Seit gestern Abend weiss man, wie viele Menschen in eine Turnhalle passen: knapp 1000. Die Stühle reichten nicht, und so mussten viele Dorfbewohner bis hinten bei der Kletterstange stehen. Formal ging es in Giffers (FR) um eine Informationsveranstaltung des Staatsekretariats für Migration (SEM).
Dann ging es aber laut und turbulent zu. Eine Mehrheit in der Turnhalle wehrte sich gegen die Pläne, das Seminarzentrum Guglera in ein Asylzentrum zu verwandeln. Die Zahl der 300 Asylsuchenden verängstigte die Dorfbewohner.
Ein Dorfbewohner wurde dabei besonders beschimpft: Beat Fasnacht. Er hat das Land an das Staatssekretariat für Migration verkauft.
Bis diesen Sommer leitet er dort ein Adipositas-Therapieprogramm für Jugendliche. Unter Adipositas versteht man Fettleibigkeit. In der Schweiz leben 40'000 Jugendliche, die unter Fettleibigkeit leiden. In der Gesellschaft haben sie es ungemein schwer, sich einzugliedern. Eine Lehrstelle zu finden, ist für viele ein Ding der Unmöglichkeit. Im Seminarzentrum Guglera werden sie auf eine berufliche Integration vorbereitet.
Doch wer ist eigentlich dieser Beat Fasnacht, der ein ganzes Dorf in Wallung gebracht hat?
SRF News: Herr Fasnacht, wer sind Sie?
Ich bin seit gestern 65 Jahre alt, seit über 30 Jahren mit Gaby verheiratet und Vater von drei erwachsenen Kindern und als Social Entrepreneur unternehmerisch tätig. Ich bin einer, «der etwas tut».
Warum haben Sie Ihr Institut an das Staatssekretariat für Migration verkauft?
Wir standen vor einer Wegscheide. Obwohl unser Adipositas-Therapieprogramm zu den Besten in Europa gehört, sahen wir uns gezwungen, den Betrieb ab Sommer 2015 einzustellen. Der Grund ist, dass in der Schweiz Adipositas noch immer nicht als Krankheit anerkannt wurde.
Aber warum soll das Institut ausgerechnet als Asylzentrum dienen?
Weil es für die Asylanten auch einen Glücksfall darstellt. Es wäre für mich grossartig, wenn wir in Zusammenarbeit mit dem SEM und der Direktion für Entwicklung und Zusammenarbeit die Asylanten ausbilden und sie später wieder zurück in ihr Heimatland schicken könnten. Wir dürfen etwas nicht vergessen: Die Asylanten, die es bis zu uns geschafft haben, zählen zu den Fähigsten ihres Landes. Wenn wir die nicht ausbilden, haben wir eine einmalige Chance ausgelassen.
Und was machen Sie mit den adipösen Jugendlichen, die jetzt das Institut verlassen müssen?
Alle können das angefangene Therapiejahr ordentlich beenden. Für die Meisten haben wir auch schon Anschlusslösungen gefunden.
Beleidigungen erinnerten mich an die Pegida-Bewegung.

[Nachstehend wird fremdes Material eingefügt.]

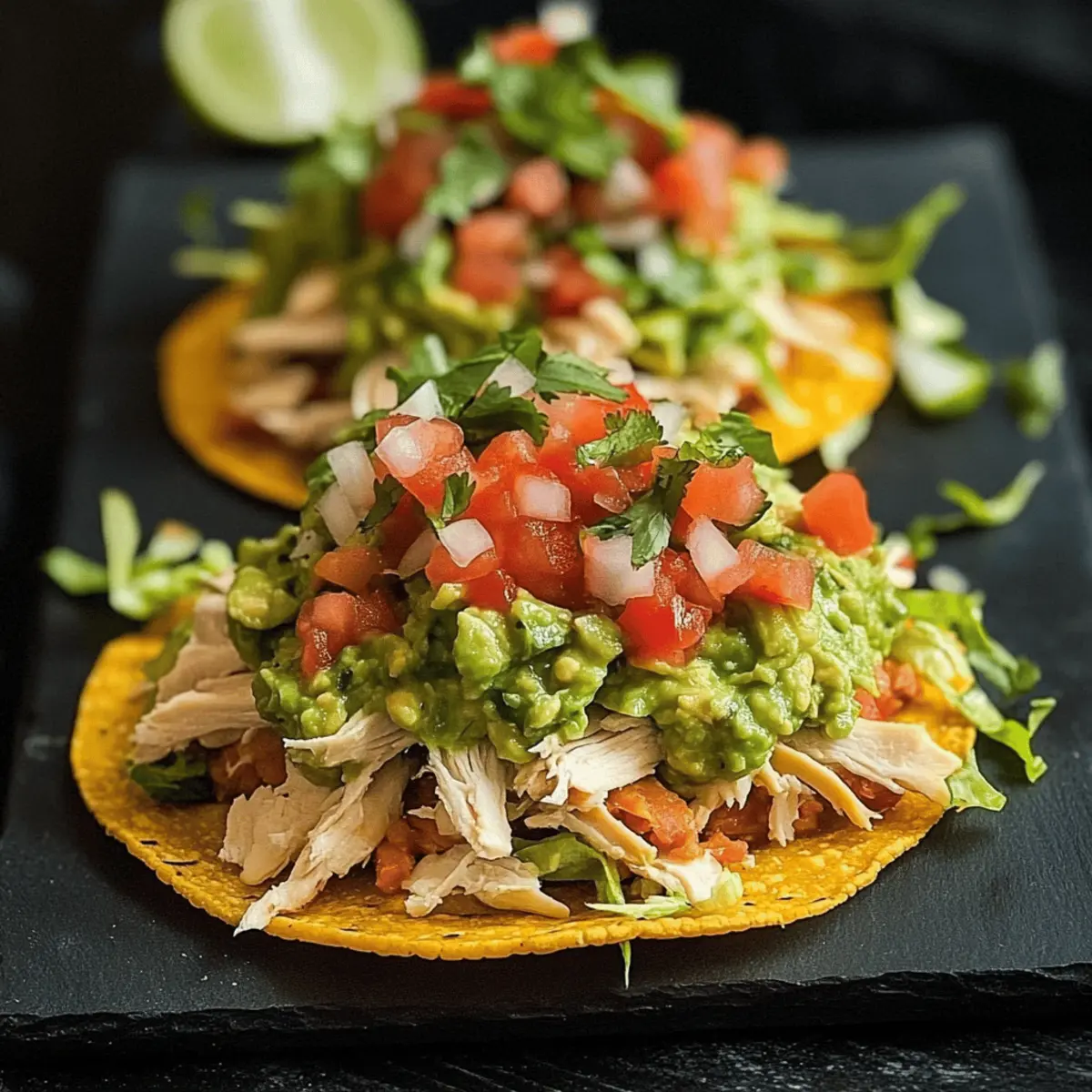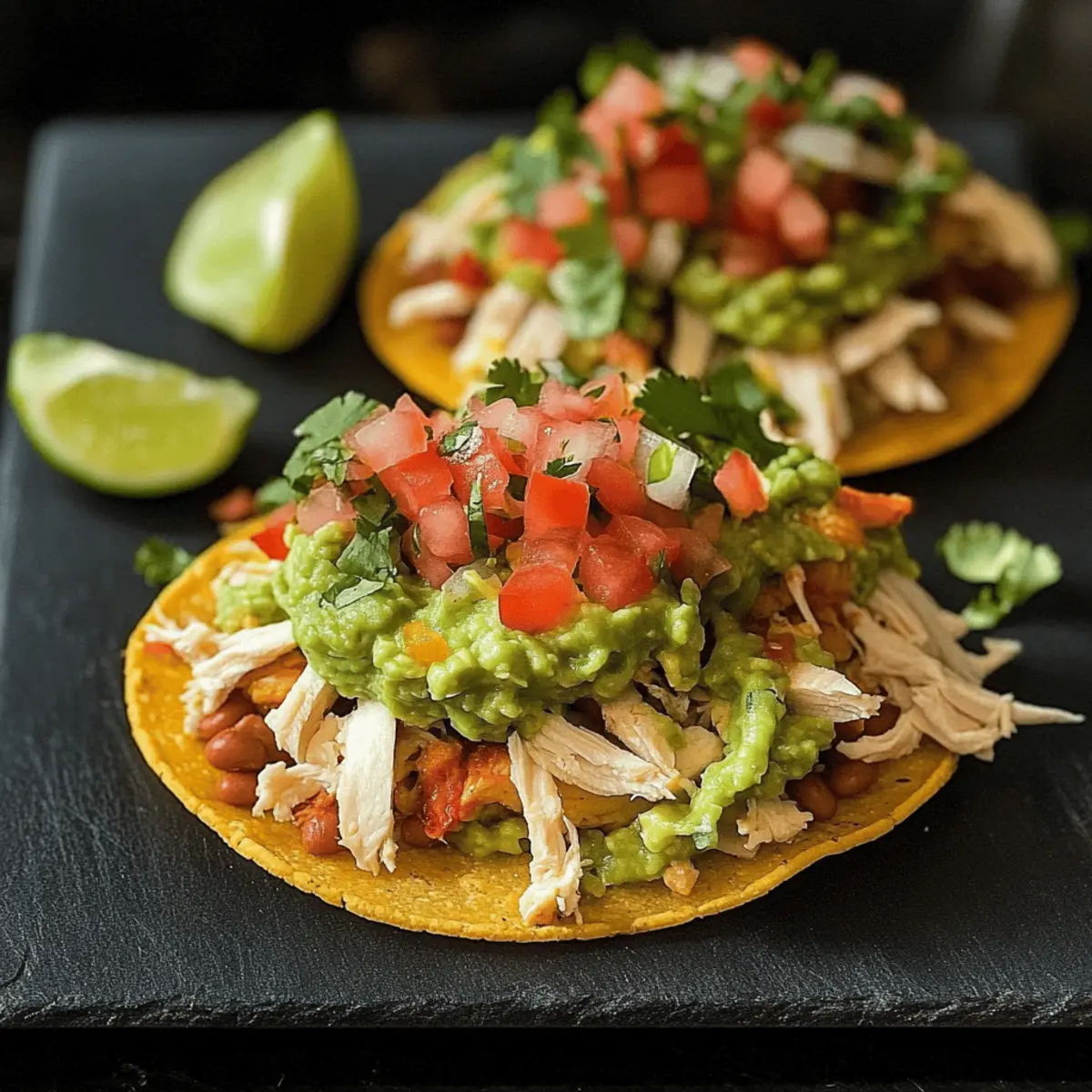 Flavor Explosion: Each bite of these tostadas bursts with flavor from the zesty chicken, creamy guacamole, and savory beans, giving your taste buds a delightful experience.
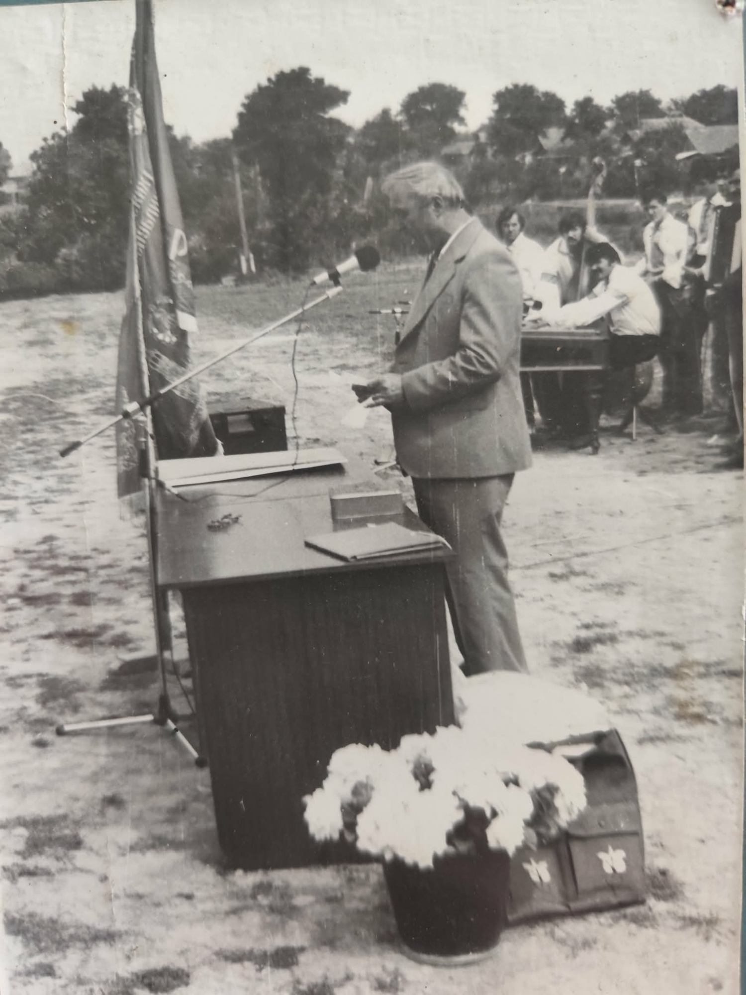 Fotografia alb negru surprinde un moment solemn, - petrecerea la pensie a unui grup de 13 persoane din satul Slobozia Mare. La microfon , cu părul grizonant, îmbrăcat într-un costum deschis la culoare, citind de pe o foaie la un pupitru improvizat este Ion Geantîc, președintele comitetului syndical. Postura sa indică autoritate și respect. În stânga se află un steag de dimensiuni mari, ușor drapat. În fața biroului se află o vază mare cu crizanteme albe simbolizând ocazia festivă. În plan secund, în partea dreaptă, se observă taraful musical al satului. Sărbătoarea are loc în aer liber, pe un terenul sportive al localității Slobozia Mare.
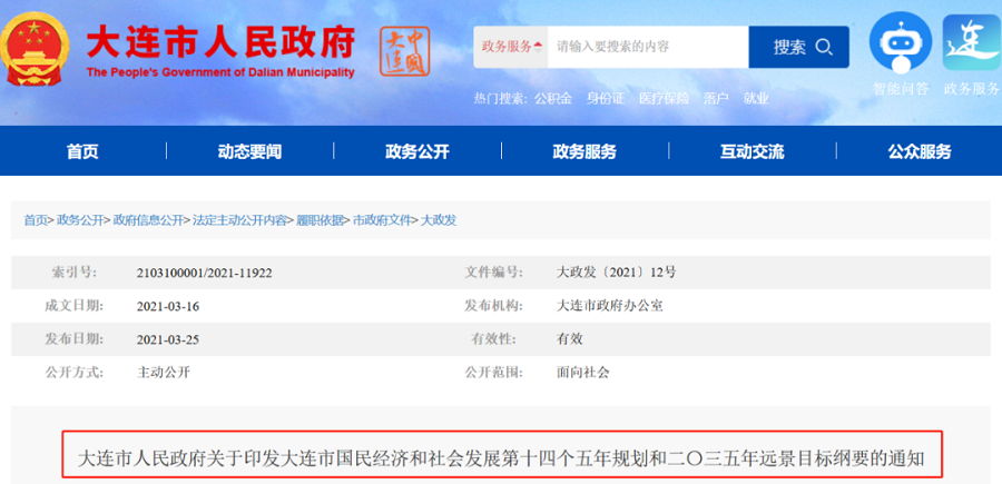 近日,大連市人民政府正式印發《大連市國民經濟和社會發展第十四個五年規劃和二〇三五年遠景目標綱要》的通知。
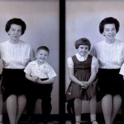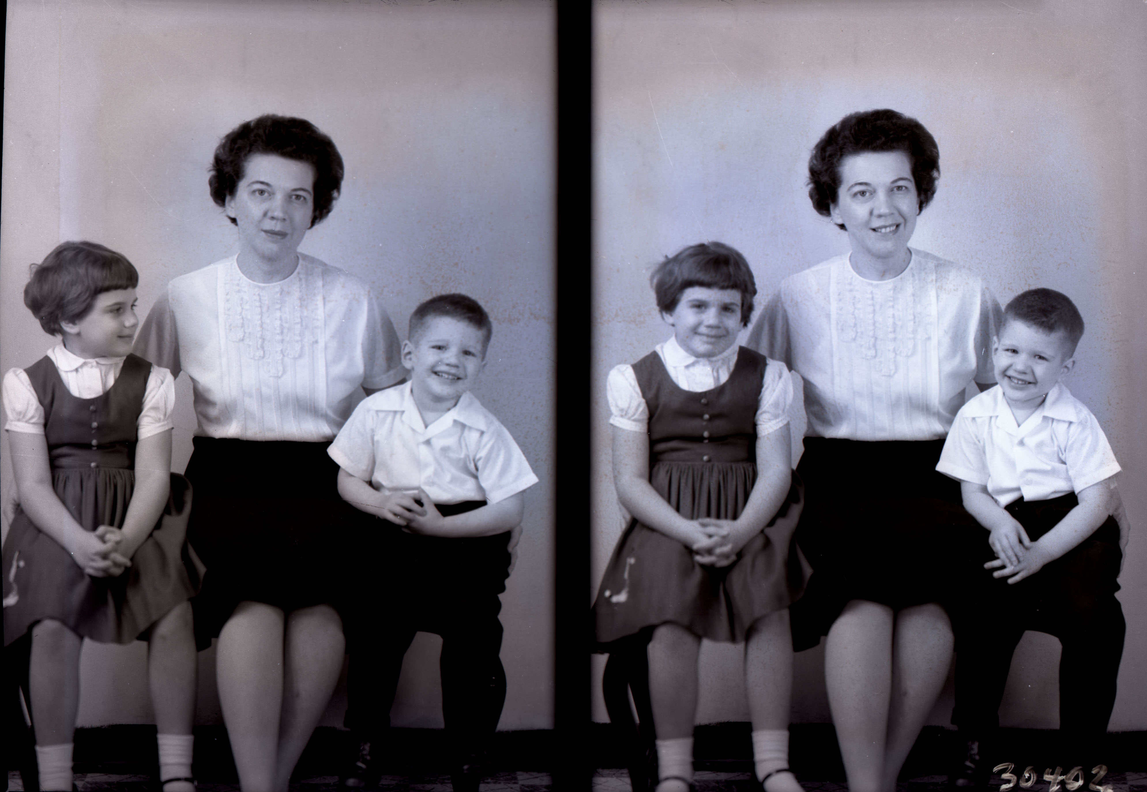 Photo of two separate photographs of an unidentified woman in a skirt and blouse, seated, with an unidentified child seated on either side of her.

Gestern fand der Informationsabend in Guglera statt. Wie geht es Ihnen heute?
Ich wurde massiv beschimpft, ausgepfiffen und belästigt. Das Ausmass der Beleidigungen erinnerte mich an die Pegida-Bewegung. Ich lebe mit meiner Familie im Zentrum von Guglera. Viele Leute, die hinter dem Asylzentrum stehen, sind leider nicht erschienen.
Dachten Sie kurz an einen Wezug aus Guglera?
Nein, im Gegenteil. Ich bin in Guglera zu Hause. Wegen eines schlimmen Abends breche ich meine Zelte nicht ab.
Sie wollen das Asylzentrum zu einem Ausbildungsplatz gestalten. Haben Sie sich da nicht auf etwas eingelassen, von dem Sie wenig Ahnung haben?
Nein. Ich habe mich mit der Hilfsorganisation pbn.ch und in Zusammenarbeit mit dem Deza in Kirgistan eingesetzt. Wir haben dort im kriegsversehrten Land mitgeholfen, die Infrastruktur wieder aufzubauen. Wir konnten 7000 Stellen schaffen und über 250 Betriebe aufbauen.
Woher stammt eigentlich Ihre Kraft und Motivation?
Ich will den Schwächsten unserer Gesellschaft helfen, ein neues Fundament aufzubauen. Als Social Entrepreneur sage ich aber auch: «Wer nichts schafft, kriegt nichts». Das neue Asylzentrum soll helfen, dass die Flüchtlinge bei uns eine neue Perspektive erhalten und später ihrem Land beim Wiederaufbau helfen könen.